3D printing is no longer a secret to many people in the design field (especially product and packaging). While this technology is still new, it has gotten to the point where there are some legitimate consumer options that small businesses or individuals may consider purchasing. What we’re looking to find out is is it worth it and what should I be looking for? I’m taking a dip into these questions, hope it gives you a few answers.
So first, you might be asking yourself what the advantages of buying a 3D printer are. One big advantage is the ability to truly customize objects to the way you want them represented. In today’s individual focused society many people are looking to make themselves (and the things they have) truly stand out from their mass produced generic counterparts. Another more professional and practical reason is for rendering concepts or prototypes of products or designs for presentations much more quickly and efficiently. Turnaround times can be much more condensed when your company or you can cut out certain logistical issues like ordering molds to be cast and waiting for a manufacturer to produce and ship a prototype. Most likely these will be torn apart by a group of higher-ups or clients and need to be refined again and again anyway. Having the ability to produce models or prototypes “in-house” can prove much easier.

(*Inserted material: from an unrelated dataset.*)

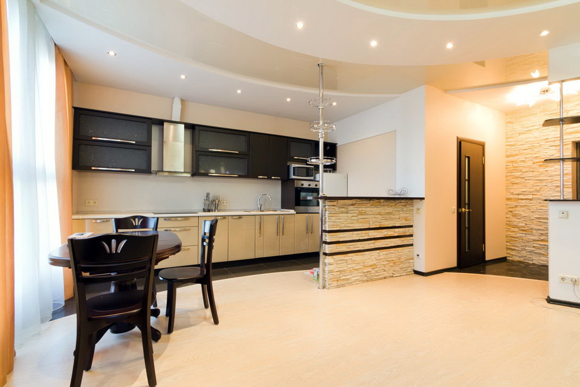 La conception est pratique car elle comporte un espace suffisamment creux dans lequel vous pouvez masquer toutes les communications techniques telles que les conduits d’air, le câblage électrique et les plafonniers intégrés. En outre, un plafond suspendu constitue une isolation phonique supplémentaire et constitue un avantage non négligeable pour un appartement situé dans un immeuble de grande hauteur.
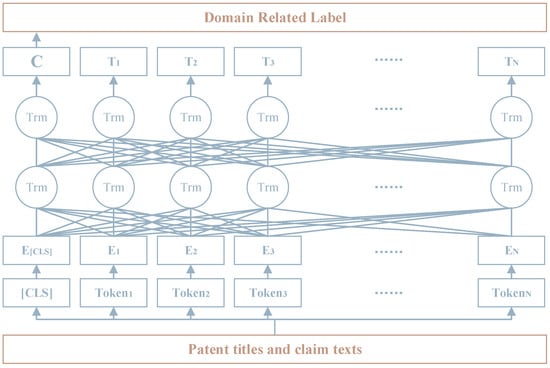 As shown in Figure 5, in the patent title and claim text, the last hidden layer vector C∈RH output after the information extraction of the Transformers module in BERT [] is used as the representation vector of the sentence, where H is the number of neurons in the last hidden layer. Finally, the classification layer weight W ∈ RK×H is adjusted, where K = 2 is the number of labels, and the model training can be completed by calculating the classification error based on the SoftMax result output by the following formula:

The downside could lie in the cost of materials to produce your designs and prototypes. Although it may take more time, when you send a prototype design off to a manufacturer they already have the materials necessary stockpiled and are able to buy in bulk so they can pass the savings onto their client (you). If you’re only producing one or two versions of your design – depending on what it is your producing – you may be forced to pay full price for materials bought on a small scale. Also, many of us have seen these incredible objects created by 3D printers and assume that if we buy a consumer level printer between $700-$2000 we will be able to produce these fantastic gems. The truth is, those examples you’ve probably seen have been produced by high-end manufacturer level 3D printers.